== PROVIDED RECORDS ==
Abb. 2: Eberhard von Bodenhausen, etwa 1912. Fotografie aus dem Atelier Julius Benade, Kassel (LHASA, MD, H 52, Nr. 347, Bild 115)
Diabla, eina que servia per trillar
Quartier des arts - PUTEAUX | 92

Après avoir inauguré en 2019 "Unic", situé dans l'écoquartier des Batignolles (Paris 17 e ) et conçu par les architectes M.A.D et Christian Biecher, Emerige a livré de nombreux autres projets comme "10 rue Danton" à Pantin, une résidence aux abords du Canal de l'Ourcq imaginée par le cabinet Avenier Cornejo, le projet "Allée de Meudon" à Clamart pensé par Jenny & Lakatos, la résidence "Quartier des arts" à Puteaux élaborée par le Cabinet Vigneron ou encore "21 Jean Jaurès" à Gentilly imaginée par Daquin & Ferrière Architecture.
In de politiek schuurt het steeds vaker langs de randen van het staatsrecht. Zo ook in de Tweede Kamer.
===
== PROVIDED RECORDS ==
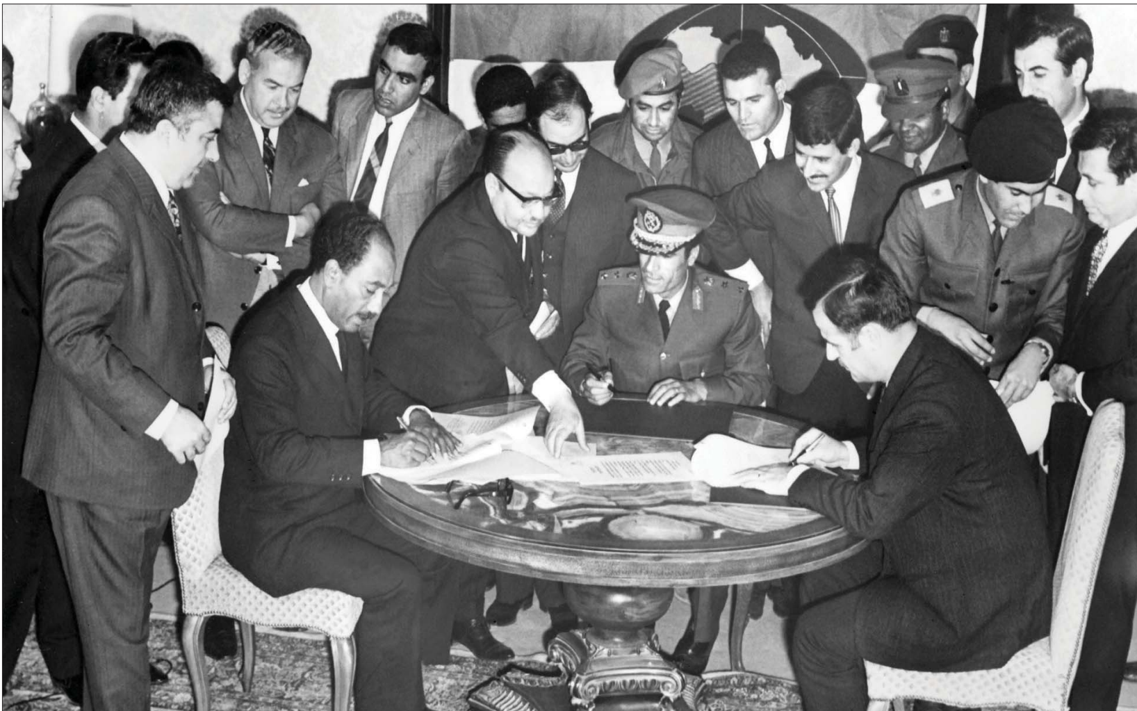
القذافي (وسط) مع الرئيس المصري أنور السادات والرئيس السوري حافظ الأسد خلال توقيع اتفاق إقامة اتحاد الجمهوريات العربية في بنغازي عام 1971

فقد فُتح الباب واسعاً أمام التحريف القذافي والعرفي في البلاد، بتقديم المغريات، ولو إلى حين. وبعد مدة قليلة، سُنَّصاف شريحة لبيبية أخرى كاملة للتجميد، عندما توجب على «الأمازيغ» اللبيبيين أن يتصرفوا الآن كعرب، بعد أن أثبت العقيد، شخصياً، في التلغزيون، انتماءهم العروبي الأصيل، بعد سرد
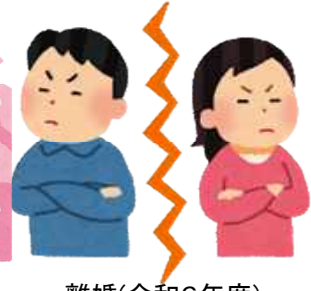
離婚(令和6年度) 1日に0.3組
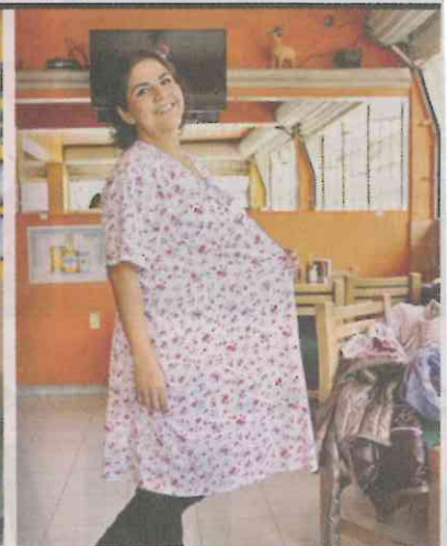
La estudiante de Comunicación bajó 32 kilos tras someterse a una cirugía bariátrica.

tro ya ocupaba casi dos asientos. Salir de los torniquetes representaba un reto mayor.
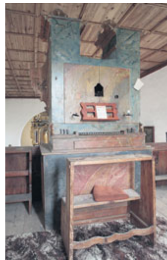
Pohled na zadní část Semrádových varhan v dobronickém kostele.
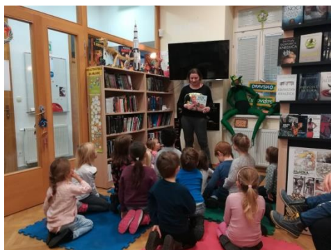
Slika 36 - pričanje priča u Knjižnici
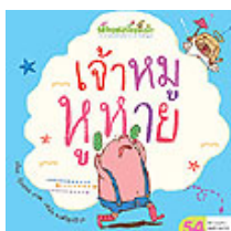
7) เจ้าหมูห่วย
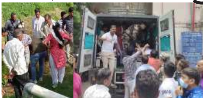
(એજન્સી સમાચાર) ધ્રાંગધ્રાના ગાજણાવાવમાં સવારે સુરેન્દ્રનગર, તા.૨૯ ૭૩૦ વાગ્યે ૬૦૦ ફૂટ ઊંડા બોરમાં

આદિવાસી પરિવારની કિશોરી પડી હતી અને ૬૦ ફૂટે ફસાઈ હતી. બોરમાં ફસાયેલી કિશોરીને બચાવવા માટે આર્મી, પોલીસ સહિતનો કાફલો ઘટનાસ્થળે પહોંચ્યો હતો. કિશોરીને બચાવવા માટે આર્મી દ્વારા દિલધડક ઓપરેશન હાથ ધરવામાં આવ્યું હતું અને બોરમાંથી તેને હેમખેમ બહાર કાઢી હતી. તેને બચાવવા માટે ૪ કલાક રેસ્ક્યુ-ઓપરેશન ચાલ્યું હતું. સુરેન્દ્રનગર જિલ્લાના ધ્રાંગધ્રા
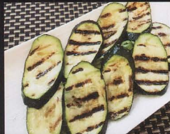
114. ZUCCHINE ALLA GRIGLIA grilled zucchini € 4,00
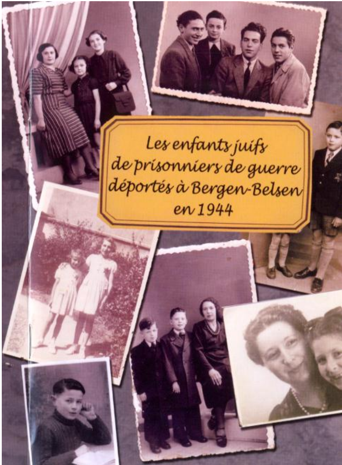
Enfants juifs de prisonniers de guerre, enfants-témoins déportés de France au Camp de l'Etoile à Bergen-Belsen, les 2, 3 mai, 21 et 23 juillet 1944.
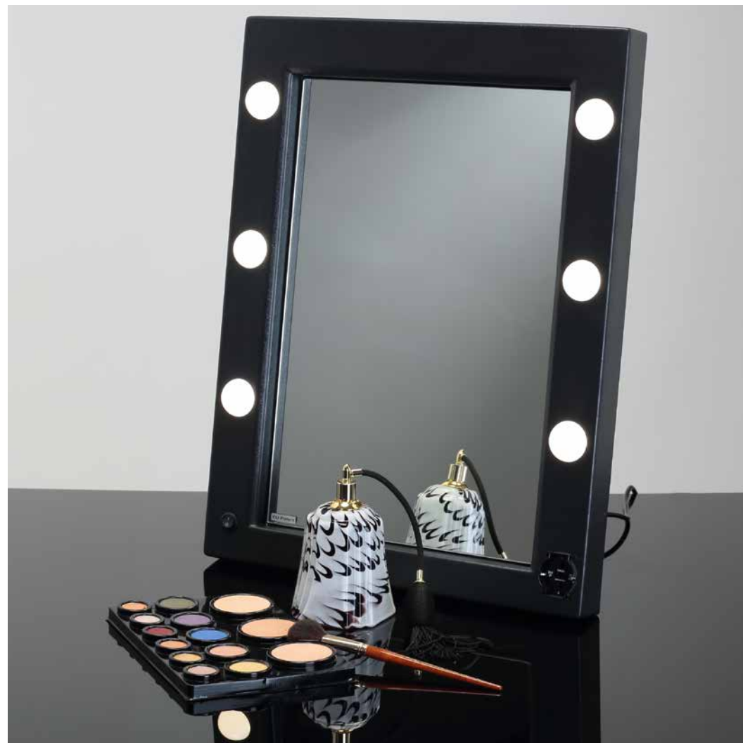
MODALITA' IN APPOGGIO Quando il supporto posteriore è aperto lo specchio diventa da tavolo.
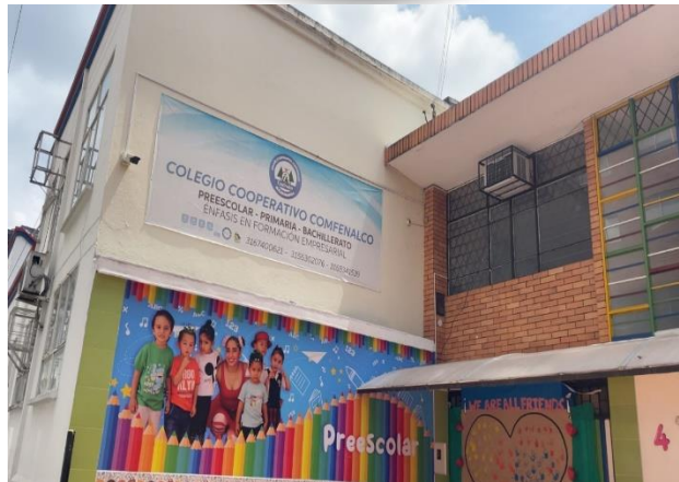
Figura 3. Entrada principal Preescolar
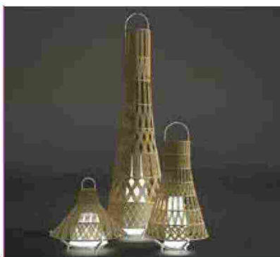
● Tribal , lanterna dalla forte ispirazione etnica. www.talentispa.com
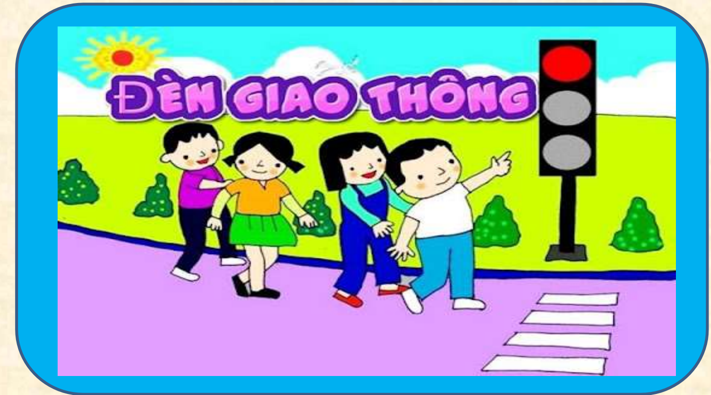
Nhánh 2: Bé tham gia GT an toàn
===
TASK BRIEF
Leave out every picture, and copy exactly the lines above starting at the one holding "7) เจ้าหมูห่วย" and ending at the one holding "Nhánh 2: Bé tham gia GT an toàn", no more and no less.

RESPONSE FOR THIS EXERCISE
7) เจ้าหมูห่วย
(એજન્સી સમાચાર) ધ્રાંગધ્રાના ગાજણાવાવમાં સવારે સુરેન્દ્રનગર, તા.૨૯ ૭૩૦ વાગ્યે ૬૦૦ ફૂટ ઊંડા બોરમાં

આદિવાસી પરિવારની કિશોરી પડી હતી અને ૬૦ ફૂટે ફસાઈ હતી. બોરમાં ફસાયેલી કિશોરીને બચાવવા માટે આર્મી, પોલીસ સહિતનો કાફલો ઘટનાસ્થળે પહોંચ્યો હતો. કિશોરીને બચાવવા માટે આર્મી દ્વારા દિલધડક ઓપરેશન હાથ ધરવામાં આવ્યું હતું અને બોરમાંથી તેને હેમખેમ બહાર કાઢી હતી. તેને બચાવવા માટે ૪ કલાક રેસ્ક્યુ-ઓપરેશન ચાલ્યું હતું. સુરેન્દ્રનગર જિલ્લાના ધ્રાંગધ્રા
114. ZUCCHINE ALLA GRIGLIA grilled zucchini € 4,00
Enfants juifs de prisonniers de guerre, enfants-témoins déportés de France au Camp de l'Etoile à Bergen-Belsen, les 2, 3 mai, 21 et 23 juillet 1944.
MODALITA' IN APPOGGIO Quando il supporto posteriore è aperto lo specchio diventa da tavolo.
Figura 3. Entrada principal Preescolar
● Tribal , lanterna dalla forte ispirazione etnica. www.talentispa.com
Nhánh 2: Bé tham gia GT an toàn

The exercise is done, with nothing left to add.